WAITING TO EXHALE follows the relationship struggles of
four black women, showing a bleak world where men are pigs. No, I
don't take offense at the depiction. I know I'm not a pig, even though I
do eat like one. And for those of you who are wondering if a white boy
like me could ever begin to appreciate a movie about black women, I
must remind you I was a black woman in a past life. And I spent my
entire senior year in high school immersed in their culture and queen,
Aretha the #551 bus driver.
The characters in this movie were waiting to exhale. I was
waiting for the movie get good. They got their wish, but I never did.
WAITING TO EXHALE is an uneven movie with some good scenes
and some bad scenes, some that work well and others that don't.

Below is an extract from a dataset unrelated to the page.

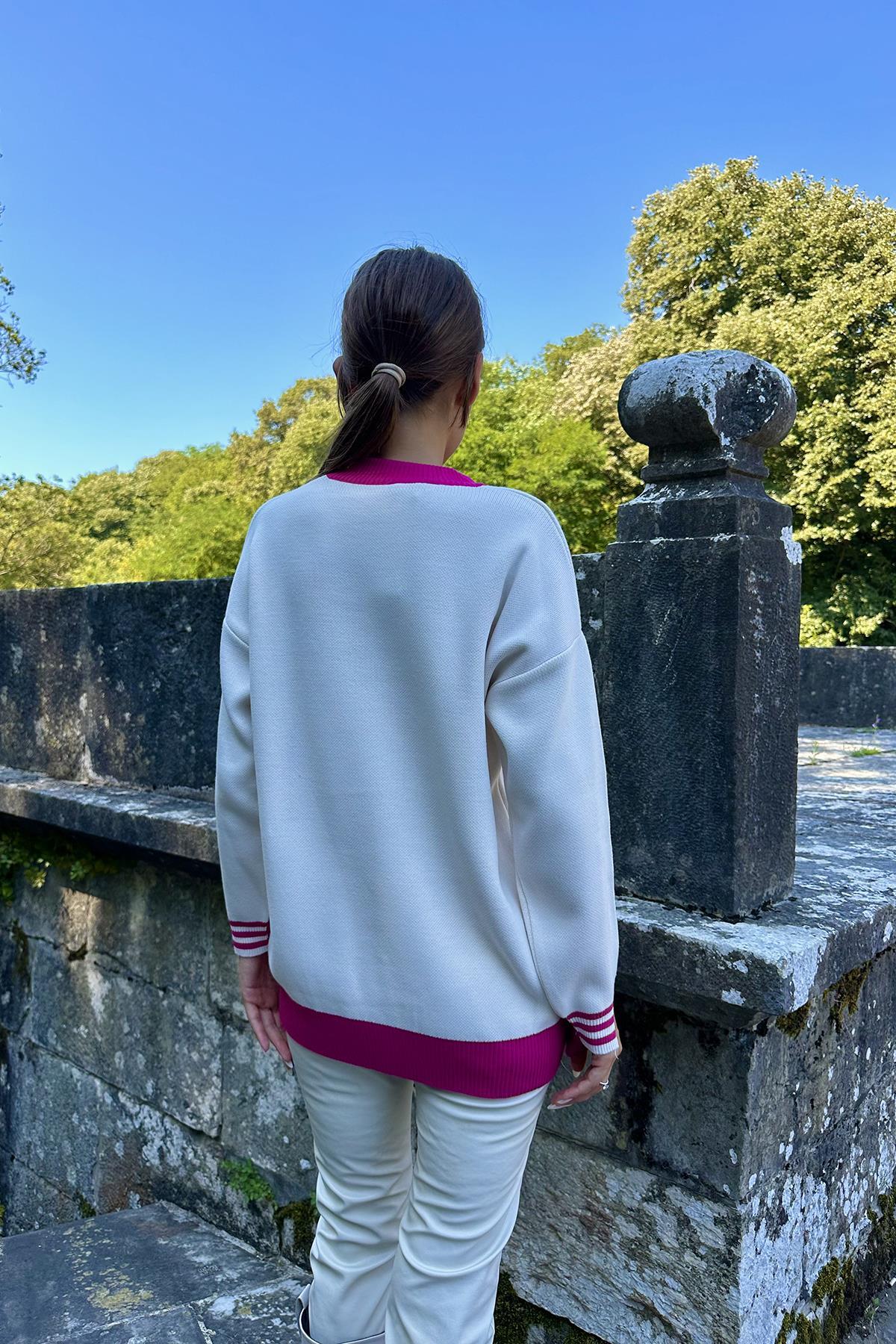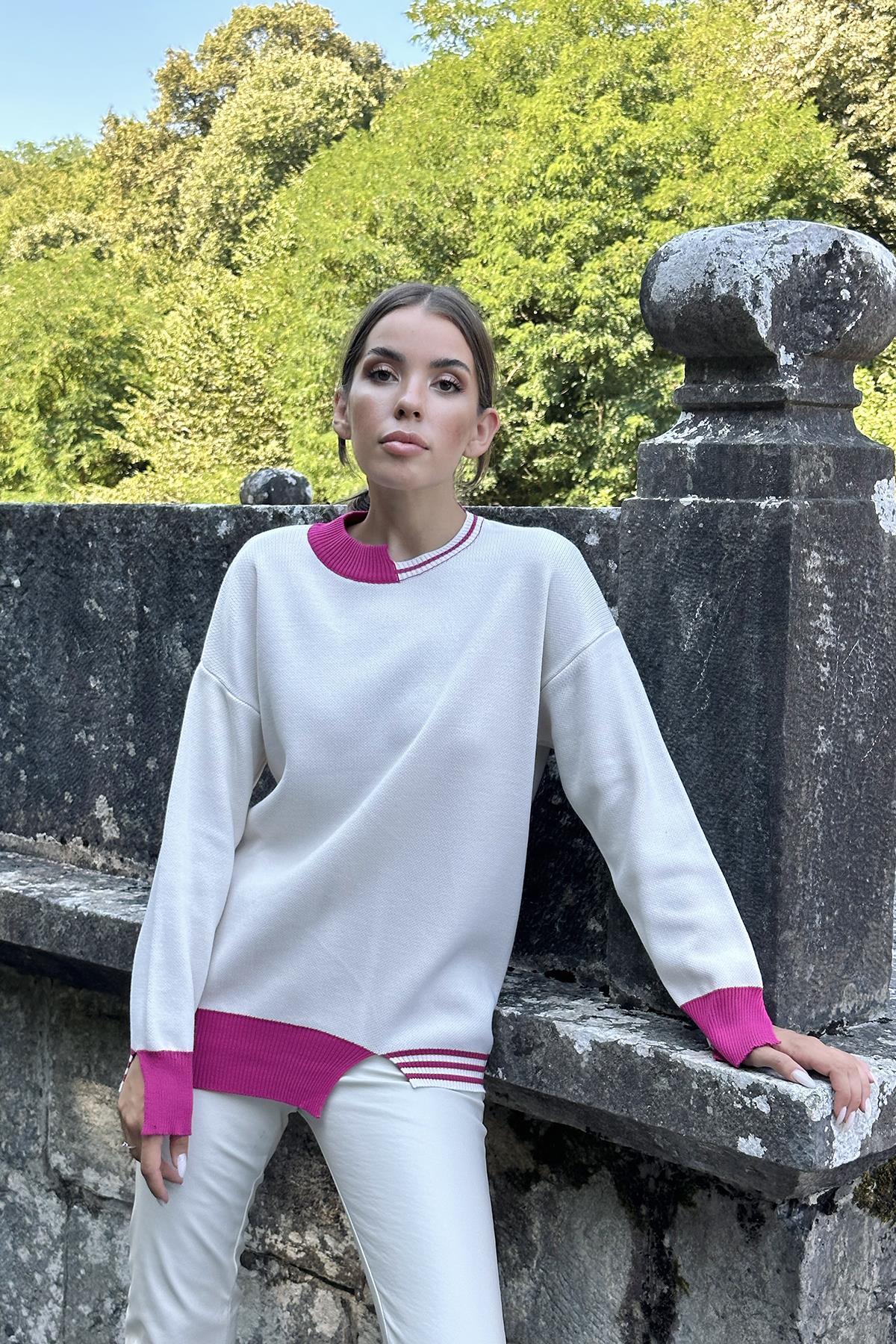 Toptan Fuşya Yaka Ve Manşet Garnili Triko Kazak

The
cast is likeable,though, and the performances are exemplary, especially
from Angela "Tina Turner" Basset. Pop star Whitney Houston has
even matured acting-wise from THE BODYGUARD, though her theme
song this time, "Exhale (Shoop, Shoop)" is no "I Will Always Love
You."
Savannah (Houston) enjoys casual sex with various people,
but is in love with a married man who promises time after time that
he's going to leave his wife, but never quite gets around to it.
Meanwhile, Angela Basset's husband has already left her for a white
woman, so she does what any woman would do in that situation--she
gathers all her husband's belongings up, takes them out to his car and
lights it on fire, in what is undoubtedly the most powerful scene in the
movie.
Meanwhile, Robin is in Savannah's predicament and also has
a crackhead boyfriend, while Gloria, the heavyset woman, is
contemplating a renewed relationship with the on-again/off-again
father of her teenage son. All of them are looking for love in all the
wrong places with all the wrong people, but rest assured the movie
does end for the most part happily, with uncredited performances from
Wesley Snipes and Gregory Hines livening things up.
I couldn't say how much of this movie accurately portrays the
contemporary dating scene, because I've never been part of the
contemporary dating scene, but there is a lot of sex involved (in the
movie, not with me), not the nude kind, but the fully-clothed bump-
and-grind stuff. WAITING TO EXHALE has a lot of good elements,
but a lot of mediocre or bad ones bringing it down. The four leads are
all good and the depictions of their strong friendship are touching, but
the story could have been told with some tigher editing and a few less
voiceovers from the characters in corny prose lifted directly from the
novel this movie was based on... There, I'm done. I can exhale now.